Work to complete -> A word-for-word retyping of the listing below is required, with the pictures dropped.

Data provided ->
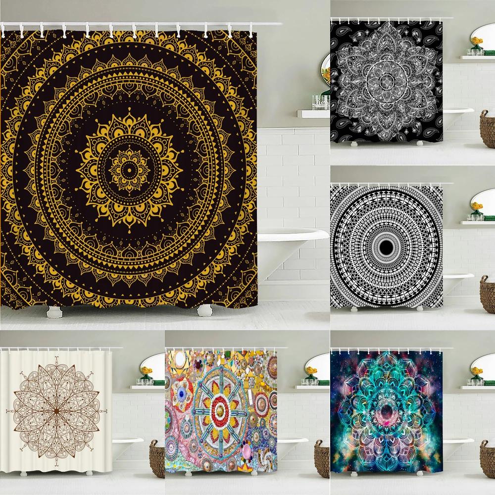 3D Print Bathroom Curtains Indian Mandala Shower Curtains With 12 Hooks Home Decoration Waterproof Fabric Bohemia Bath Screen
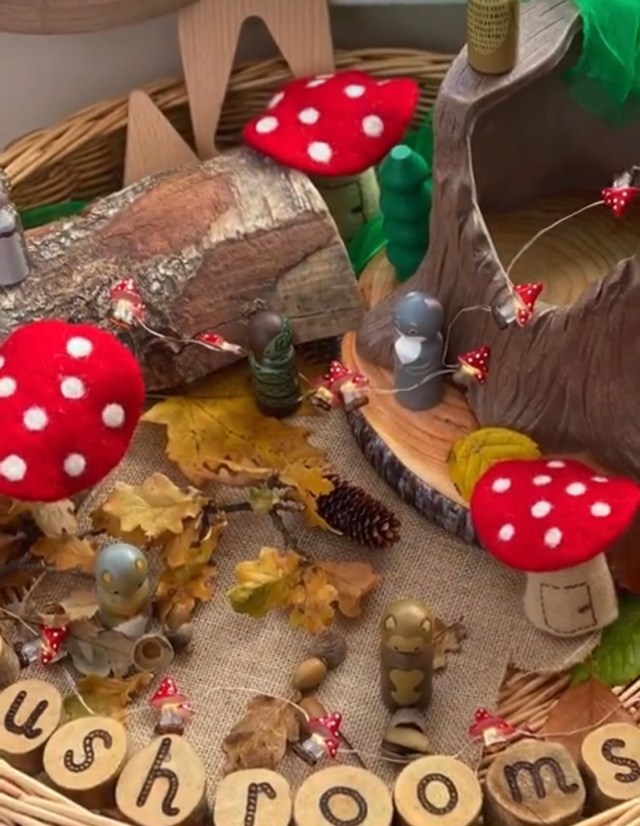 We also use lots of FREE natural treasures as ingredients for our mud kitchen – go on a treasure hunt in each of the seasons to collect treasures for your mud kitchen – acorns, pinecones, conkers, shells, pebbles, leaves, wildflowers. We store them in the plastic Potion Jars for self select.
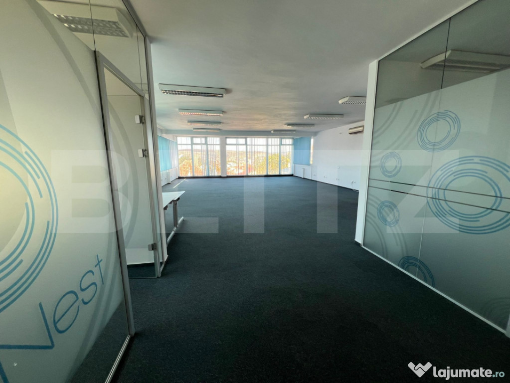 BLITZ vă propune spre închiriere un spațiu de birouri luminos și modern, situat la etajul 2 al unei clădiri de birouri contemporane, amplasată în zona Grădinii Botanice – una dintre cele mai apreciate zone pentru sedii de firmă.Spațiul are o suprafață utilă de 140 mp, compartimentată eficient pentru activități de birou:

Result ->
 3D Print Bathroom Curtains Indian Mandala Shower Curtains With 12 Hooks Home Decoration Waterproof Fabric Bohemia Bath Screen
 We also use lots of FREE natural treasures as ingredients for our mud kitchen – go on a treasure hunt in each of the seasons to collect treasures for your mud kitchen – acorns, pinecones, conkers, shells, pebbles, leaves, wildflowers. We store them in the plastic Potion Jars for self select.
 BLITZ vă propune spre închiriere un spațiu de birouri luminos și modern, situat la etajul 2 al unei clădiri de birouri contemporane, amplasată în zona Grădinii Botanice – una dintre cele mai apreciate zone pentru sedii de firmă.Spațiul are o suprafață utilă de 140 mp, compartimentată eficient pentru activități de birou:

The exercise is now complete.